▸ **RECORDS SUPPLIED**

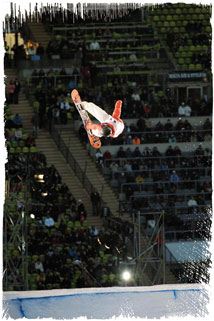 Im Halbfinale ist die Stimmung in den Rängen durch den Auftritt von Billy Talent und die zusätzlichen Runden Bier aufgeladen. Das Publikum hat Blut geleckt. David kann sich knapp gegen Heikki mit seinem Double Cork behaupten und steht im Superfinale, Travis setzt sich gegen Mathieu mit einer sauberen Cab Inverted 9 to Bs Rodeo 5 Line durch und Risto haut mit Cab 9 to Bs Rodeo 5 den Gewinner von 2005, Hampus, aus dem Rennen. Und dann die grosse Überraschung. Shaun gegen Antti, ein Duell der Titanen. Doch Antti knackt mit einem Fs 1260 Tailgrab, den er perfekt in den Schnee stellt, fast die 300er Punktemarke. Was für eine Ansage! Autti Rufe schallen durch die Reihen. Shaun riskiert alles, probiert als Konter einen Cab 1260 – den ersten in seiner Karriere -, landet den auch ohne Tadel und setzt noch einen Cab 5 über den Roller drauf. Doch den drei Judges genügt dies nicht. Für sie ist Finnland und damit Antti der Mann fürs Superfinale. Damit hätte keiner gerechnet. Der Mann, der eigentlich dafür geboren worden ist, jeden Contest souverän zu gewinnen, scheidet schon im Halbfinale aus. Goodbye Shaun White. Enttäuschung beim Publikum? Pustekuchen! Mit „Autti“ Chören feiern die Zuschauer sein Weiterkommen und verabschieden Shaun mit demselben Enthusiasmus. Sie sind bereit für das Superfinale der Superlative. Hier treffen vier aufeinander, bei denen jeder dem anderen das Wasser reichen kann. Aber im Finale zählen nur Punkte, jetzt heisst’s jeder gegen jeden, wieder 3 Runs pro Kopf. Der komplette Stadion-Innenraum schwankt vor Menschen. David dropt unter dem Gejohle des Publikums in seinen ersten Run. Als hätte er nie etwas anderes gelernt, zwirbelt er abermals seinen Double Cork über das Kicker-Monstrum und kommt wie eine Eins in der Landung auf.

==

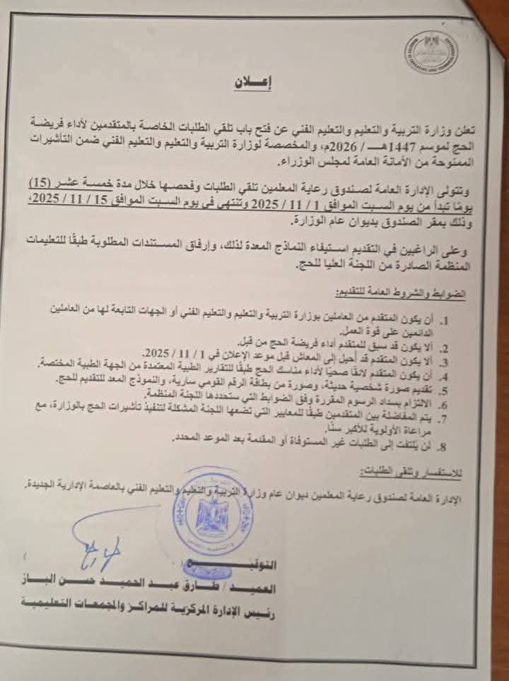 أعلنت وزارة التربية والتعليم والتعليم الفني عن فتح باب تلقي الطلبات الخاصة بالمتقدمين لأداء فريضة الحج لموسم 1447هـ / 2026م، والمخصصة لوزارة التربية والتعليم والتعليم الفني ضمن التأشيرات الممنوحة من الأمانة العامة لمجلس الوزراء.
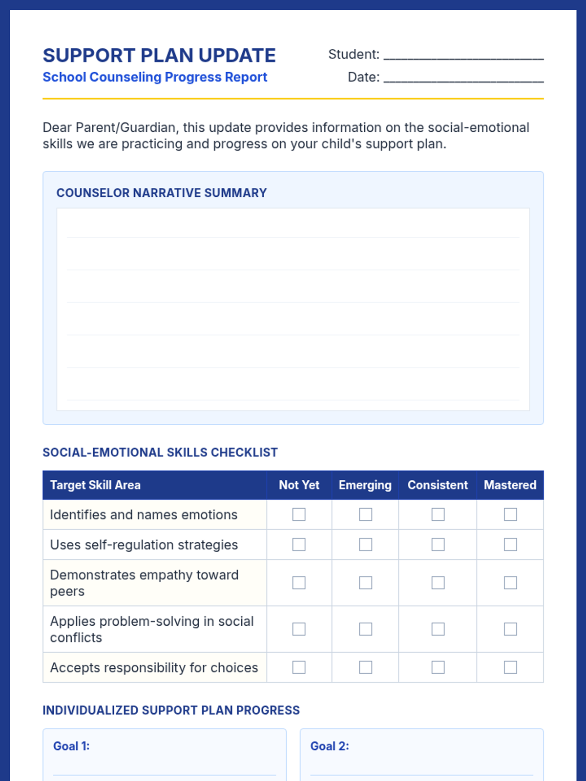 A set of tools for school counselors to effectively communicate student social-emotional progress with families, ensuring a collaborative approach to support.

==

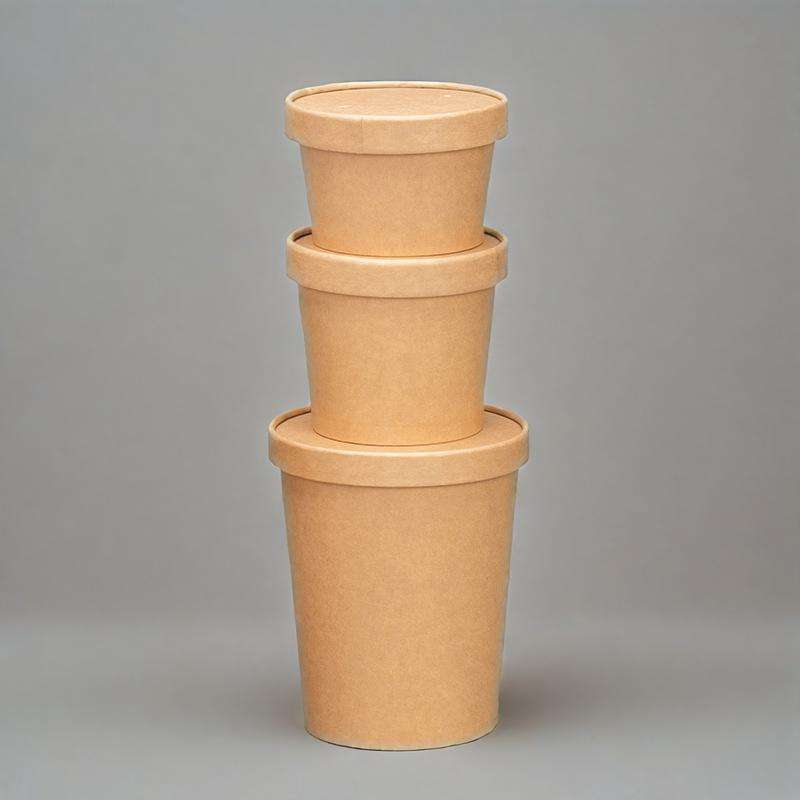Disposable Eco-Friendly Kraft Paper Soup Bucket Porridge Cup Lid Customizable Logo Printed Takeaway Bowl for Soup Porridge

▸ **PROBLEM TO SOLVE**
Reproduce the listing above from the line that holds "أعلنت وزارة التربية" through the line that holds "A set of tools", both included, with the pictures left out.

▸ **OUTPUT OF THE TASK**
 أعلنت وزارة التربية والتعليم والتعليم الفني عن فتح باب تلقي الطلبات الخاصة بالمتقدمين لأداء فريضة الحج لموسم 1447هـ / 2026م، والمخصصة لوزارة التربية والتعليم والتعليم الفني ضمن التأشيرات الممنوحة من الأمانة العامة لمجلس الوزراء.
 A set of tools for school counselors to effectively communicate student social-emotional progress with families, ensuring a collaborative approach to support.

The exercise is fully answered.